Griff’s parents believe he’ll relish being a part of a serious golf program. Many of their concerns are the same as any parent with a child going off to college — will their son manage his bank account and pay his utility bills on time — but they also worry whether Griff will have the self-discipline to take the proper doses of his medication at the required time. Will he eat the right things and pass on the wrong things? How will he handle his bad nights when his parents aren’t there to help him get through them?
Still, they see it as a gift that Griff is getting a fresh start in a new town, at a new school where he can continue to play the game he loves. Their son has achieved a once-unthinkable goal; a place so few people thought he’d reach is now a wedge shot away.
Griff says he plays golf because he loves it, but adds, “I also want to prove that I can do things that people might not think I can do.”
* * * * *
On Jan. 23, about 40 adult friends of Griff and his family gathered at the high school cafeteria to watch Griff sign his college scholarship. As the ceremony concluded, and as the adults mingled among themselves, classmates of Griff’s began to file into the cafeteria for lunch. As school librarian Sharon Rhodes watched students join their regular lunch groups, she offered a simple observation: Many people, especially teenagers, she said, simply don’t know how to act around a person like Griff. While few, if any, of these students would meet the definition of a “friend,” most have never been unfriendly to Griff.
Still, one, then two, then three … then six students wandered over to the group of adults and sought out the honoree.
“Congratulations, Griff. This is fantastic.”
“Hey, we’re proud of you, Griff.”
“Good luck, man. I know you’ll do great up there.”
On this morning sunshine had supplanted dark gray and Griff’s tics were barely noticeable; his small talk featured only polite, accepted words.
Griff’s mother, as always, had gone above and beyond for her son — and on this day with the smorgasbord.

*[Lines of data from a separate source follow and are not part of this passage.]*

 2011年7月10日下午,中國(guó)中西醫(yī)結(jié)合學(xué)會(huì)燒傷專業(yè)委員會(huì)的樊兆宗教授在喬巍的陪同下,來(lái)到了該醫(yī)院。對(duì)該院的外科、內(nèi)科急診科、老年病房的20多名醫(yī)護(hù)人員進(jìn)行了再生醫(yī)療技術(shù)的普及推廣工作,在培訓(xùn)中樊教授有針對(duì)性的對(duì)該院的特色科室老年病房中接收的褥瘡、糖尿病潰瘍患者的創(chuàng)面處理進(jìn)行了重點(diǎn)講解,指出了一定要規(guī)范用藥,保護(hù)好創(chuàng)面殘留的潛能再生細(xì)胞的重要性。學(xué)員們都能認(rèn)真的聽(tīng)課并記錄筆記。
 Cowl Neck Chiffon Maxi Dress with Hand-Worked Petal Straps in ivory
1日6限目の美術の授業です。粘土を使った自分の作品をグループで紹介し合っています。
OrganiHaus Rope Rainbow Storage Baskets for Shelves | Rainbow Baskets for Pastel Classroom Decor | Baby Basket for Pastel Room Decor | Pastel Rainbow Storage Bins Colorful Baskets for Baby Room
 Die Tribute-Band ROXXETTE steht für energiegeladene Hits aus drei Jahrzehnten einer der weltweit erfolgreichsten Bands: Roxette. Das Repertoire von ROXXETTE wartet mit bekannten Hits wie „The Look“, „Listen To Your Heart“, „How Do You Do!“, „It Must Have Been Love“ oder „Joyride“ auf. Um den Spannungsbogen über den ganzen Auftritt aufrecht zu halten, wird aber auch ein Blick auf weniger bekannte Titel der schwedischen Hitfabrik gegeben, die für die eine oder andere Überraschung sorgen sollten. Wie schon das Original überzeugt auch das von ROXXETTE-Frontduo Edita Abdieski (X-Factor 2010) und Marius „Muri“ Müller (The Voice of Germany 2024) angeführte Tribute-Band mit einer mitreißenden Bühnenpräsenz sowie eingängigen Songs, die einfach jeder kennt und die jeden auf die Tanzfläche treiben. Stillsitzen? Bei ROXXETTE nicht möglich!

“Go get something to eat,” Griff told the teens gathered around him. “My Mom made all of this.”
Several weeks later, in what would be the first and only match of his coronavirus-shortened season, Griff shot a 73. It wasn’t a great score by his standards, but considering the wet, muddy conditions, it wasn’t bad either. Griff’s parents were in his tiny gallery. Collin, per his custom, hung back 100 yards behind his son’s group while Connie followed along in a cart. As the group prepared to tee off on No. 16, Collin spotted three of Griff’s teammates jogging up the fairway in their rain suits. It was a sight his father had never seen before.
Perhaps the teens simply didn’t want to miss the shot-making of a player, already special, who they think might become really special. Or perhaps this was a display of support offered by peers beginning to view a person they’ve known their whole lives through new eyes. Or perhaps it was simply a small gesture, an effort intended to show respect … the type of thing friends might do.